Here is the description of our features:

Name | Description | Value Type | Statistical Type |
---|---|---|---|

State |
State abbreviation (like KS = Kansas) | String | Categorical |

Account length |
How long the client has been with the company | Numerical | Quantitative |

Area code |
Phone number prefix | Numerical | Categorical |

International plan |
International plan (on/off) | String, "Yes"/"No" | Categorical/Binary |

Voice mail plan |
Voicemail (on/off) | String, "Yes"/"No" | Categorical/Binary |

Number vmail messages |
Number of voicemail messages | Numerical | Quantitative |

Total day minutes |
Total duration of daytime calls | Numerical | Quantitative |

Total day calls |
Total number of daytime calls | Numerical | Quantitative |

Total day charge |
Total charge for daytime services | Numerical | Quantitative |

Total eve minutes |
Total duration of evening calls | Numerical | Quantitative |

Total eve calls |
Total number of evening calls | Numerical | Quantitative |

Total eve charge |
Total charge for evening services | Numerical | Quantitative |

Total night minutes |
Total duration of nighttime calls | Numerical | Quantitative |

Total night calls |
Total number of nighttime calls | Numerical | Quantitative |

Total night charge |
Total charge for nighttime services | Numerical | Quantitative |

Total intl minutes |
Total duration of international calls | Numerical | Quantitative |

Total intl calls |
Total number of international calls | Numerical | Quantitative |

Total intl charge |
Total charge for international calls | Numerical | Quantitative |

Customer service calls |
Number of calls to customer service | Numerical | Categorical/Ordinal |

The last data column, **Churn**, is our target variable. It is binary: *True* indicates that that the company eventually lost this customer, and *False* indicates that the customer was retained. Later, we will build models that predict this feature based on the remaining features. This is why we call it a *target*.

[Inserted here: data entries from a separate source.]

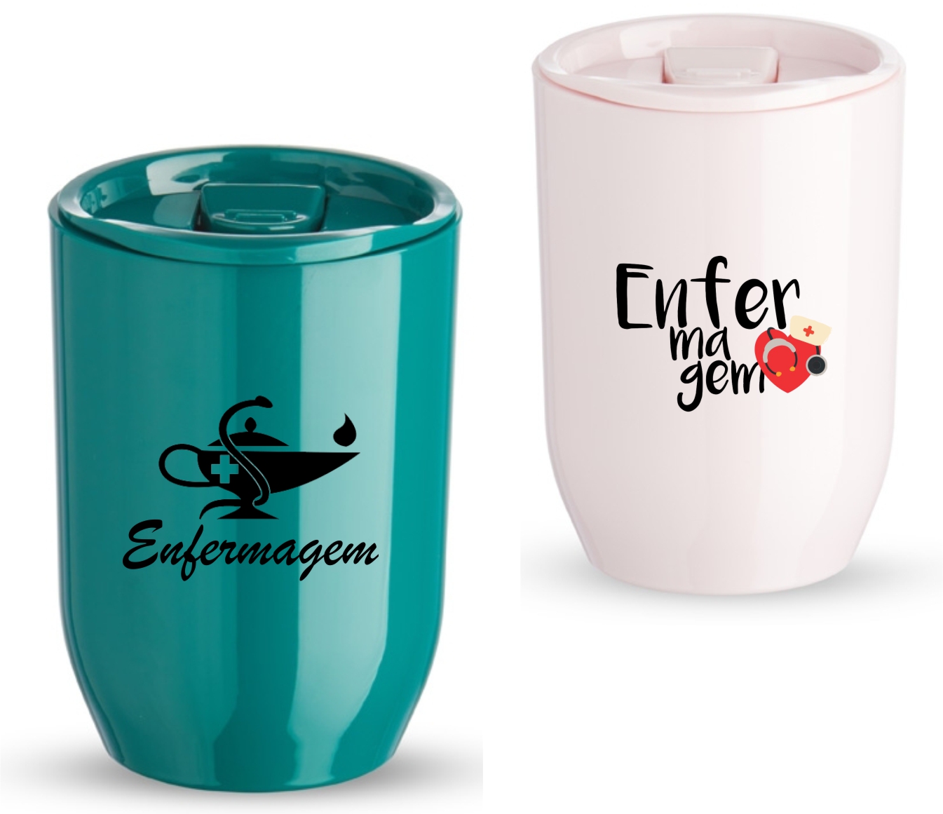 Descrição: Copo plástico 350ml com tampa de pressão. Tampa com acesso e trava de segurança para o bocal.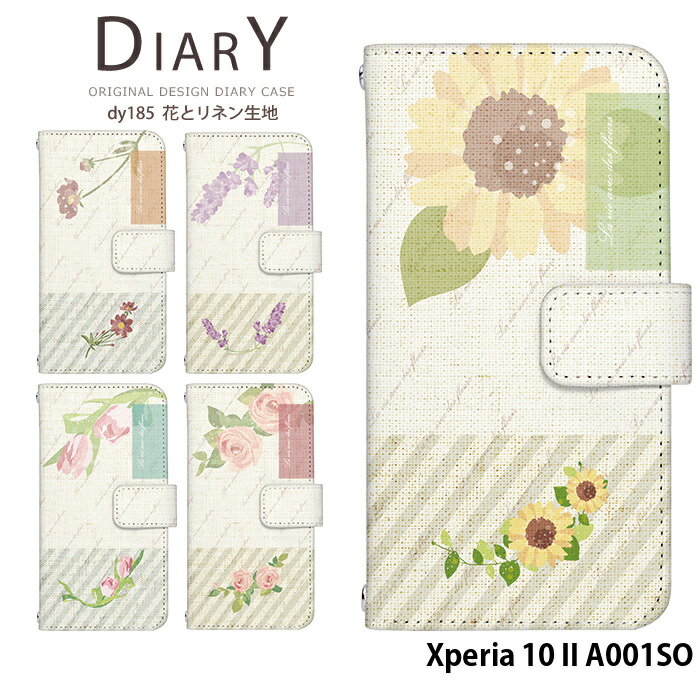 Xperia 10 II A001SO ケース 手帳型 エクスペリア10マーク2 テンマーク2 カバー スマホケース デザイン ベルトなし 花とリネン生地 ナチュラル シンプル 北欧 花柄 かわいい ストラップホルダー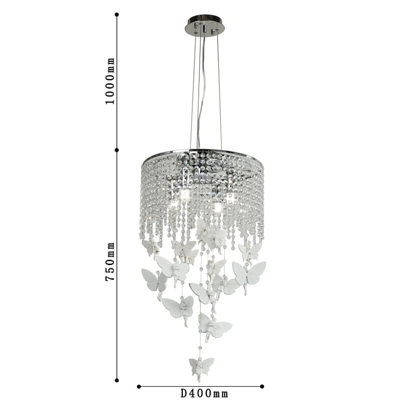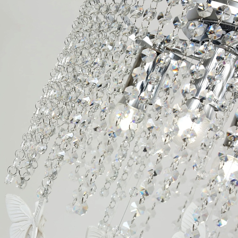 каркас цвета хром, прозрачный хрусталь высшего качества, гипсовый декор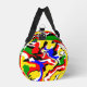 Colorful duffle bag featuring Red, Yellow, Blue and Green Swirls. Matching accessories also available.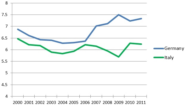 La Figura 2 mostra l’evoluzione del costo medio di un’ora di lavoro in Italia e in Germania nell’ultimo decennio. Nel 2000, il prezzo di un’ora di lavoro in Germania è stato quasi il doppio che in Italia (circa 19 euro rispetto a 10,9). Nel decennio successivo i salari nominali per ora sono stati convergenti, anche se non completamente: essi sono aumentati del 39,5% in Italia contro il 21,1% della Germania.
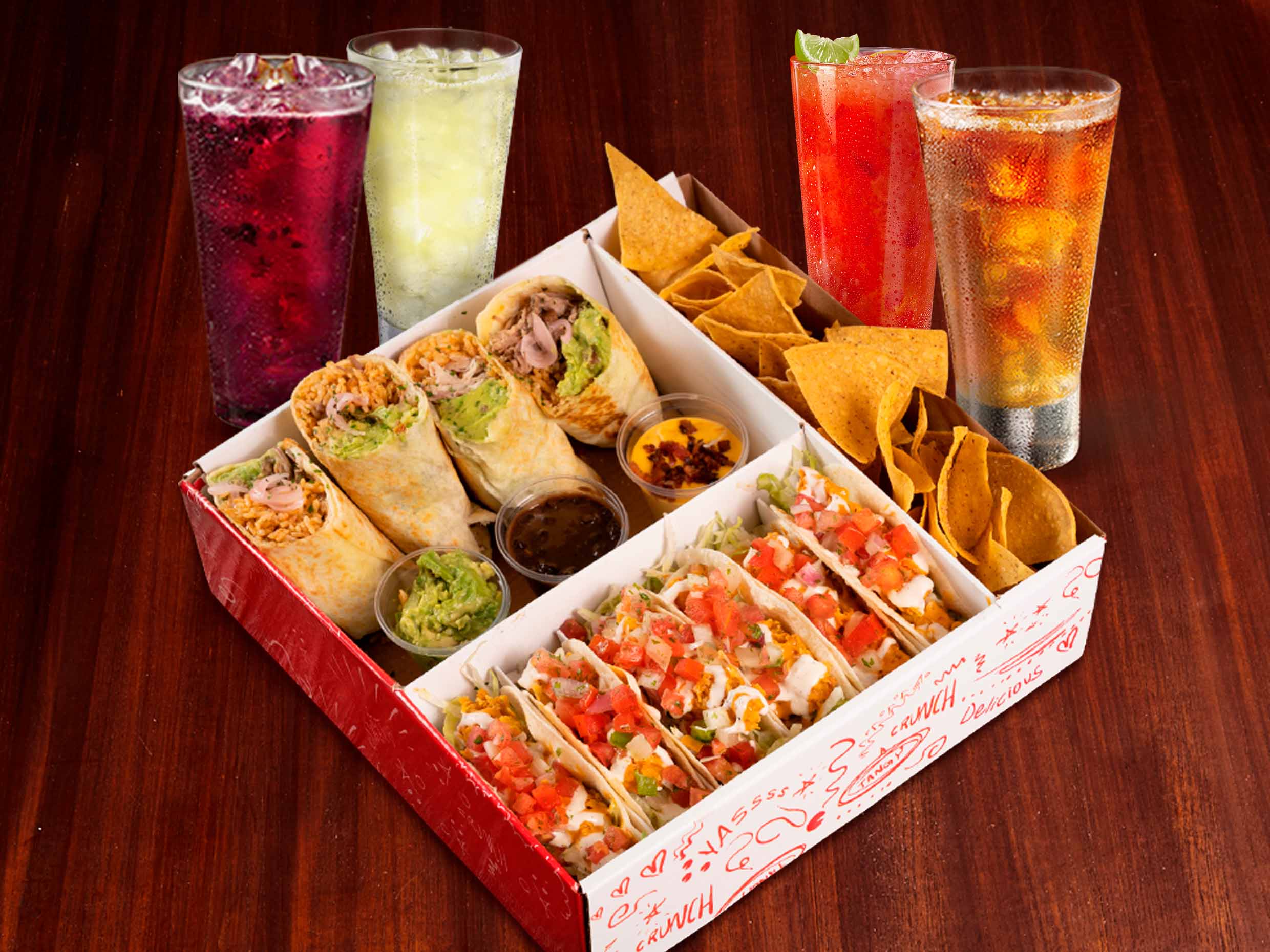 6 Chicken Tacos, 1 Chicken BBQ Burrito y 1 Beef Burrito. Acompañado con chips, frejoles de la casa, guacamole y salsa de queso con trocitos de tocino.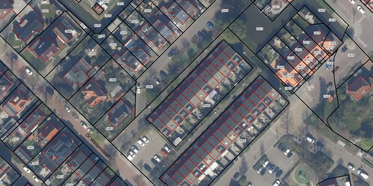 Het perceel waarop Dr Weitjenslaan 53 staat heeft een oppervlakte van 1304 m². Dit is een zeer groot perceel. De perceeloppervlakte wordt geregistreerd door het Kadaster. Gedetailleerde informatie over de maten van dit perceel kunt u vinden in het rapport Kadastrale kaart met maatvoering van Dr Weitjenslaan 53.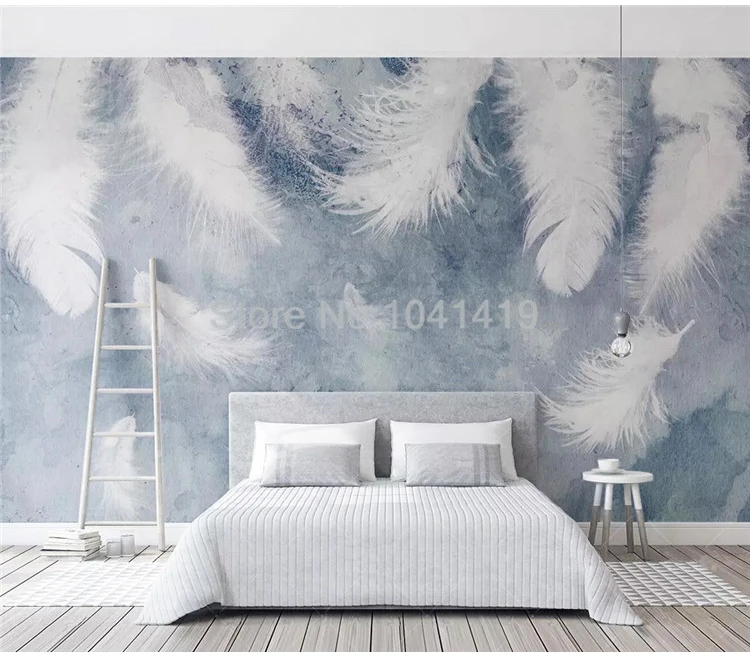 Самоклеящаяся водостойкая настенная бумага на заказ, современные белые перьевые чернила, настенная живопись, гостиная, спальня, Арт, Настенная бумага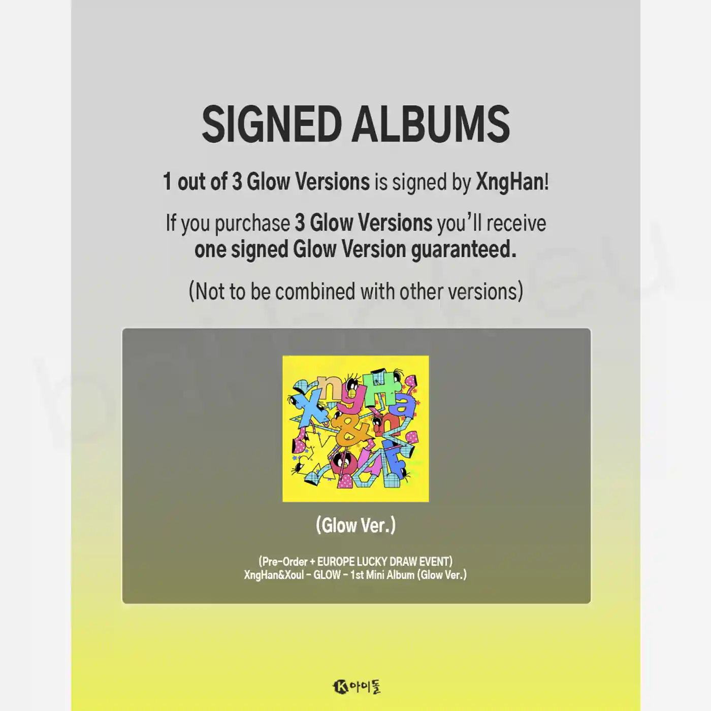 An essential addition for fans of XngHan and for K-pop collectors who appreciate debut mini albums from solo acts pushing the boundaries of the genre. Following the international success of his debut single “Waste No Time,” which topped iTunes charts in 12 regions, Glow marks the next major chapter for XngHan&Xoul.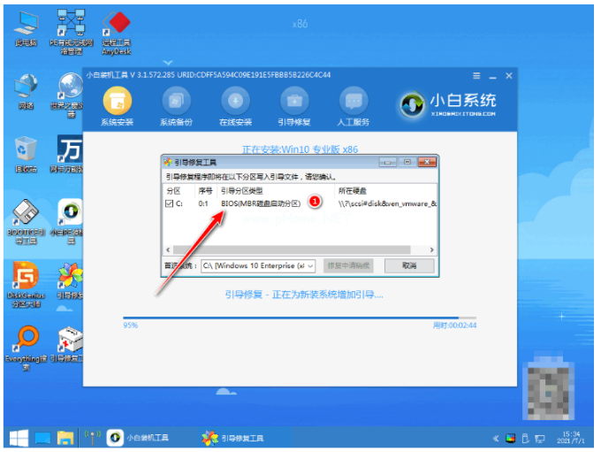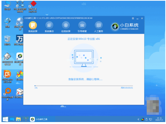 5、打開(kāi)小白裝機(jī)工具安裝系統(tǒng)到c盤,等待軟件自動(dòng)安裝,完成后就重啟。
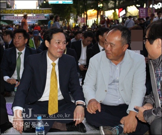기동민 당선자와 유동수 당선자가 전야제 중간에 얘기를 나누고 있다.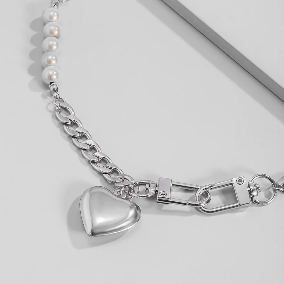 Y2K Heart Chain Beaded Necklace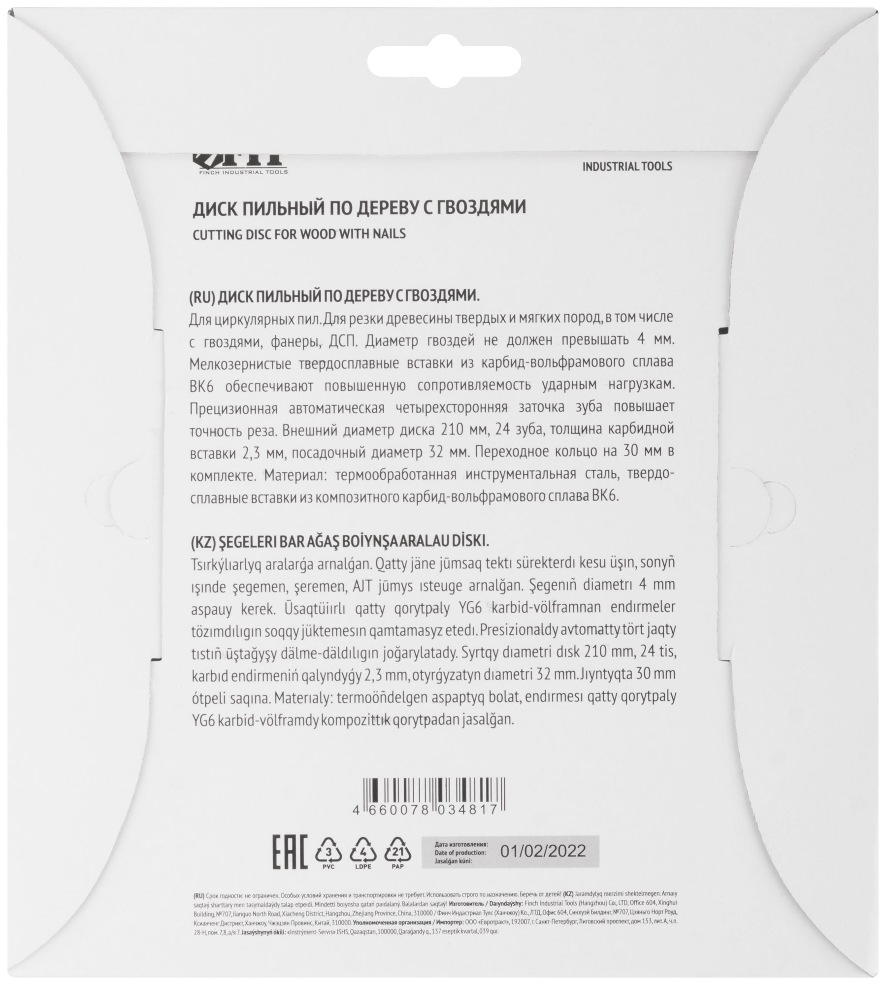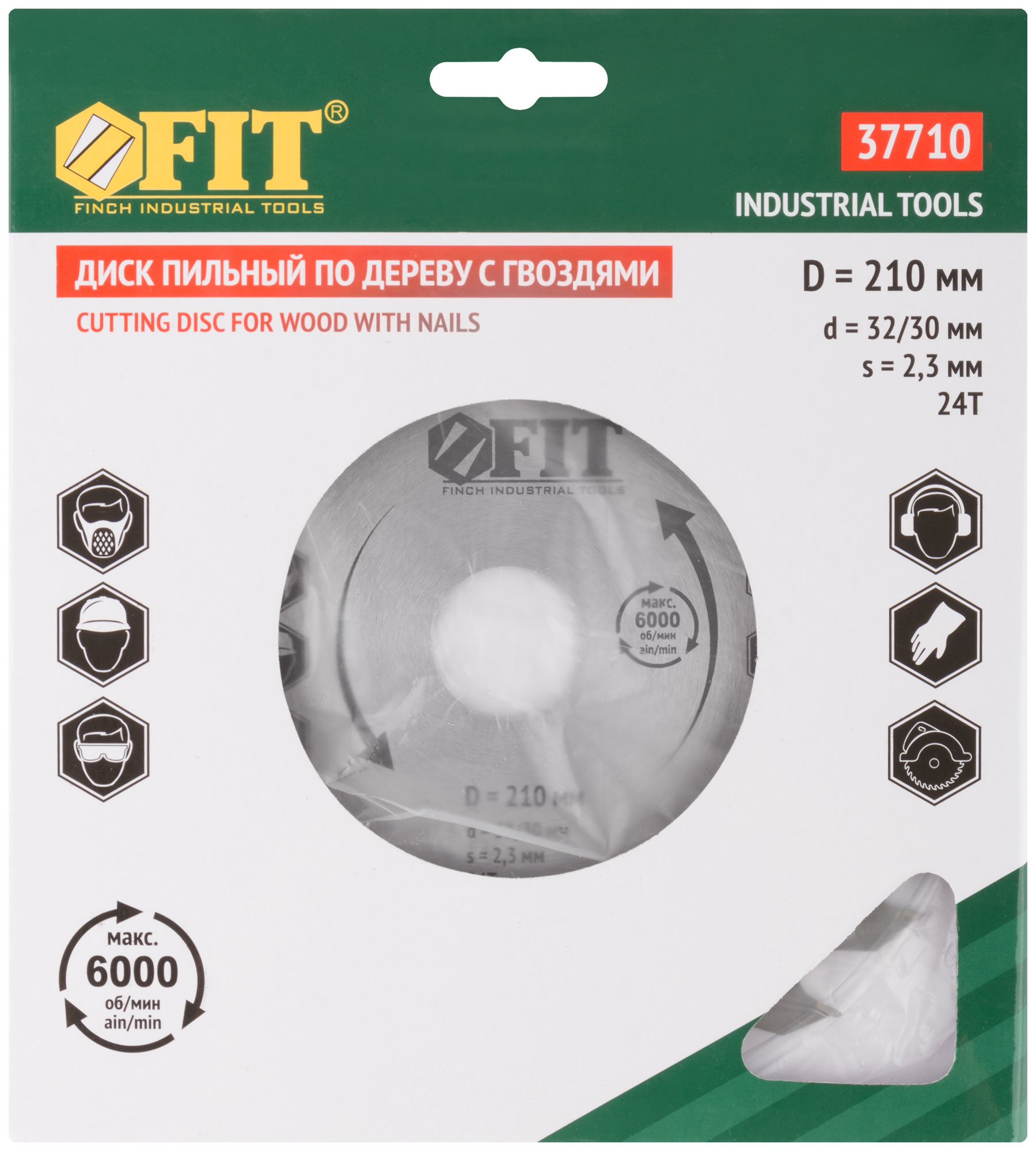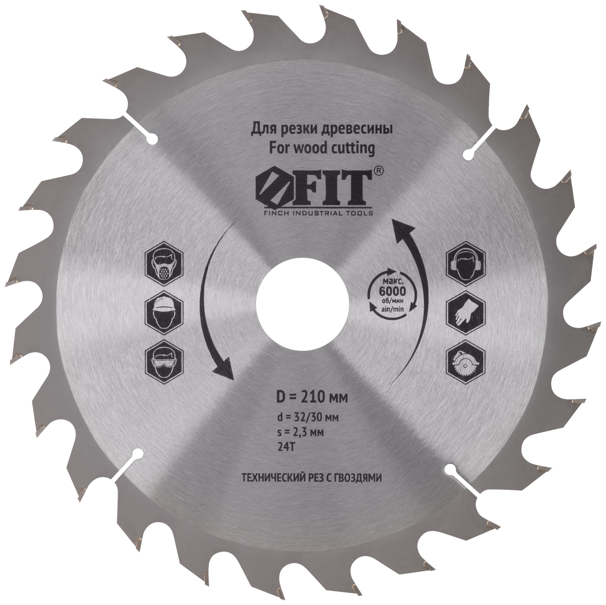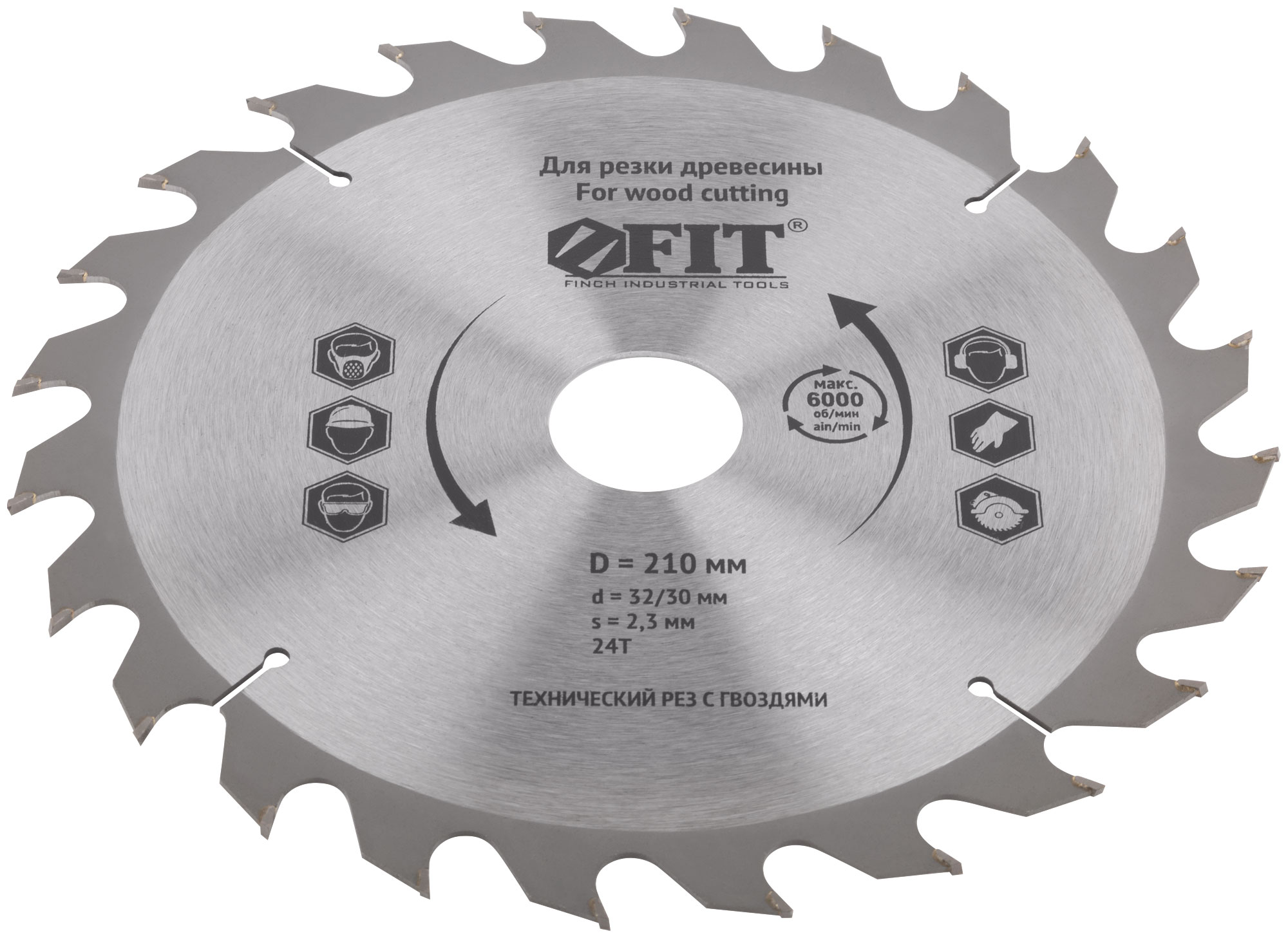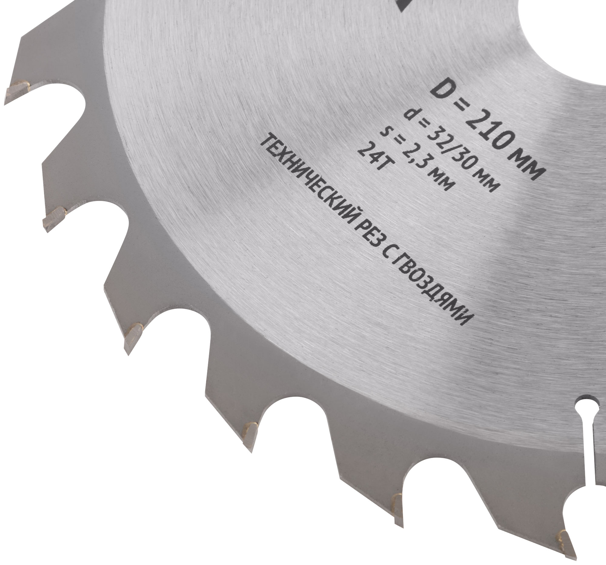 Диск пильный для циркулярных пил по дереву, технический рез с гвоздями 210 х 32/30 х 24T

*Univariate* analysis looks at one feature at a time. When we analyze a feature independently, we are usually mostly interested in the *distribution of its values* and ignore other features in the dataset.

Below, we will consider different statistical types of features and the corresponding tools for their individual visual analysis.

*Quantitative features* take on ordered numerical values. Those values can be *discrete*, like integers, or *continuous*, like real numbers, and usually express a count or a measurement.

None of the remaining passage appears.